4. Man’s Search for Meaning, by Viktor Frankl
Austrian born psychologist Viktor E. Frankl spent the years 1942 through 1945 laboring in four different concentration camps, including Auschwitz. In this time, he lost his parents, brother, and pregnant wife to the vile brutality of Adolf Hitler and the Nazis. Within months of liberation, Frankl, trying to make sense of his experience, wrote the manuscript in just 9 days. The resulting memoir is one of the most profound works of non-fiction of the 20th century, if not all time. In it, he asserts that, contrary to the theories of Sigmund Freud, the primary human drive is not pleasure but in fact the discovery and pursuit of meaning through adversity. He spent the rest of his life promoting his logotherapy, publishing over 30 books and serving as a visiting professor at Harvard and Stanford, among other universities. In our current age of social media and cultural malaise, it’s very easy to play the victim, resent others, and prioritize the wrong things. This book will readjust your perspective very quickly. I’ve read it twice now and plan on doing so again soon.

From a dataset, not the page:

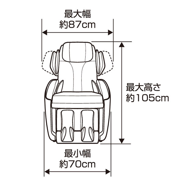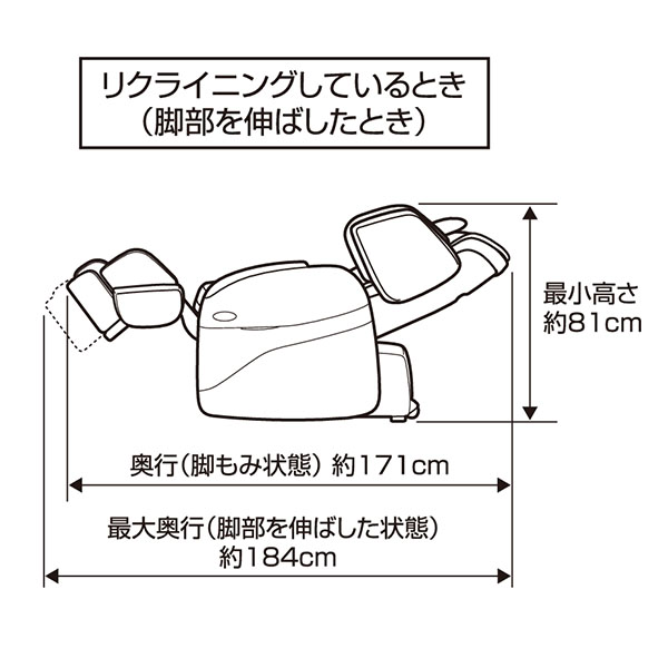 | 寸法 | 通常(約):幅70×奥行105×高さ105cm(リクライニングしていない状態) リクライニング時(約):幅87×奥行184×高さ81cm(肩・脚部最大使用時) >座面などの詳しい寸法情報(PDF) |
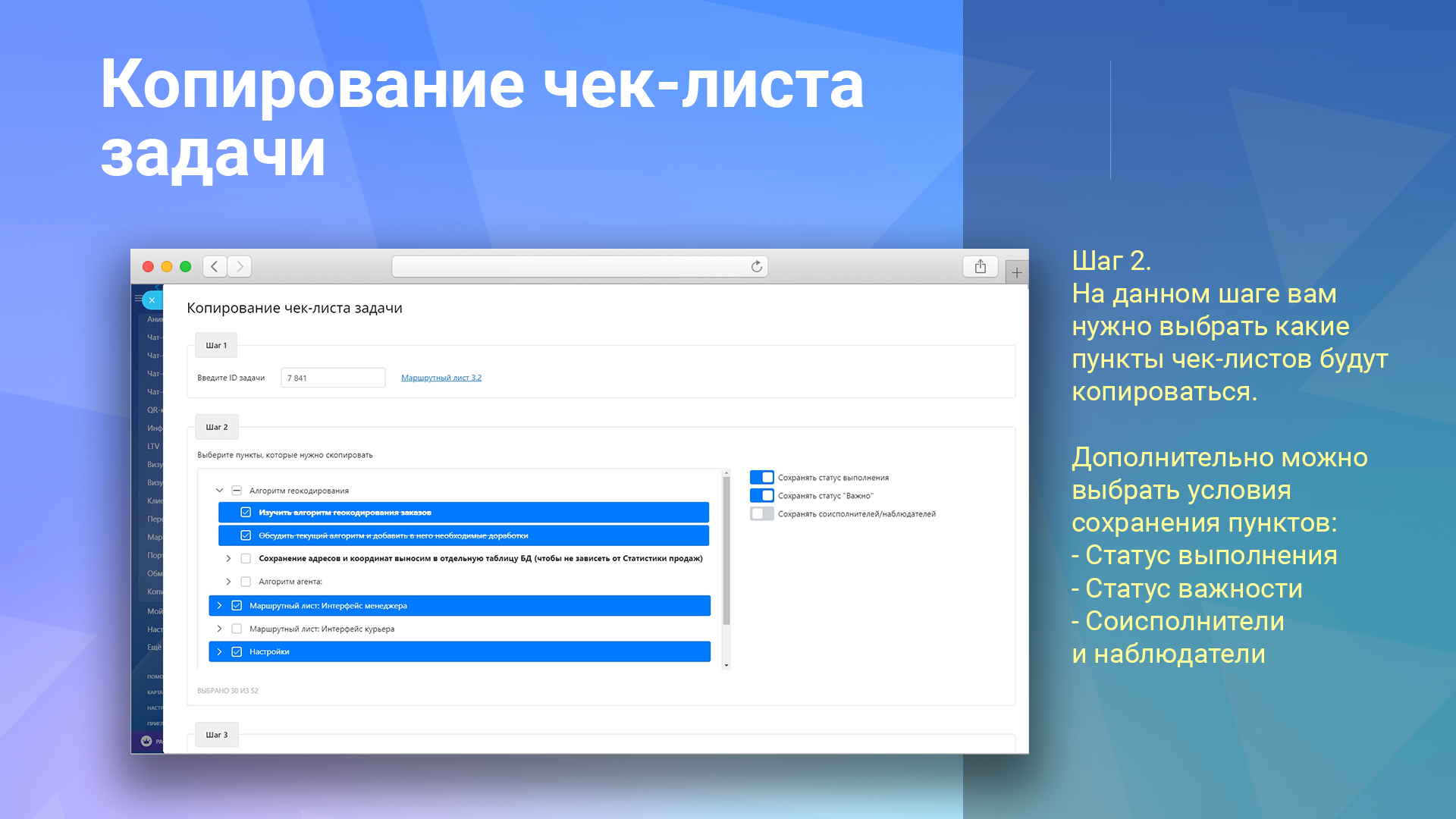 Копируйте чек-листы задачи в пару кликов! Поддерживает сохранение статуса, важности и сотрудников.

5. Antifragile: Things That Gain from Disorder, by Nassim Nicholas Taleb
Nassim Nicholas Taleb is a former options trader turned statistician, risk analyst, philosopher, and essayist. He gained notoriety in the 2000s by warning against (and betting on) the 2008 financial crises. He is one of my absolute favorite contemporary thinkers, and Antifragile, part of the author’s Incerto series, is the book the world needs right now. In short, antifragile (a term he coined) describes the exact opposite of fragile—meaning things (usually complex systems) that not only withstand shocks but actually thrive when exposed to volatility, randomness, disorder, stressors, risk, and uncertainty. The book is an astonishing tour de force across history, politics, economics, philosophy, medicine, and biology, and much of the way I think today is owed to its contents. His irreverent writing style pulls no punches as he takes aim at the conventional wisdom of modern bureaucratic society. And whether you agree with him or not, the book is certain to make you rethink the way you organize your own life as well as reconsider how much trust you put in the so-called “expert” class.